También sucede que el pueblo se divide en dos: Salou de abajo, y Salou de arriba, como el anuncio de Fairy. Porque cuando llueven ocho gotas la vía del tren que pasa por el centro del pueblo, se llena tanto y tanto, que ni los coches, ni las barcas se atreven a pasar por medio a quedarse varados.

Salou es un pueblo pequeño. Diminuto. Donde todas las caras tienen nombre, aunque últimamente la cosa esta cambiando por eso del babyboom. Lo bonito de Salou es que aún perdura la tradición de pedir huevos al vecino, o si te falta una pizquita de sal al guiso. Le picas a la puerta, y te lo da encantado. O por ejemplo, cuando hay un nacimiento, todos los vecinos de nuestra comunidad, van a visitarlo.

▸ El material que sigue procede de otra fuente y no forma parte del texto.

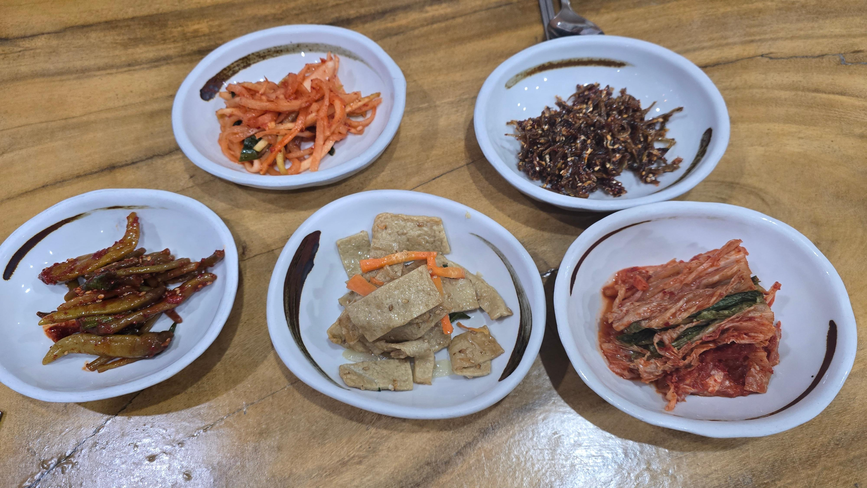 주문을 하고 잠시 기다리자 밑반찬부터 세팅을 해주시는데 무생채, 멸치볶음, 고추짱아찌, 어묵볶음, 배추김치의 매우 토속적인 5첩반상이 아침식사용으로 과하지도 않고 모자르지도 않게 느껴지며 매우 맛있어 보이는 비주얼을 자랑하고 있습니다. 반찬의 맛을 보니 적당한 간에 짜지도 달지도 않은 적절한 맛으로 조식용 반찬으로는 매우 만족스러운 상태입니다.

Después en verano la cosa cambia, y triplicamos la población. O más. Los coches no caben en las calles. Para poder aparcar el coche, puedes necesitar más de 45 minutos, dando vueltas y más vueltas. Es una odisea que te hace enfadar más y más, a medida que va avanzando el reloj. Y es que aquí en verano, vienen millones de guiris a la playa. Guiris que se tumban al sol, y se convierten en gambas, aunque la verdad, son poco apetecibles de comer. A mí por lo menos, no me gustan nada. Mi amiga Lorena y yo les llamamos los “pinkies”.

Y ahora J. te voy a dejar. Después te sigo escribiendo. Oigo el ruido de la puerta. Viene alguien.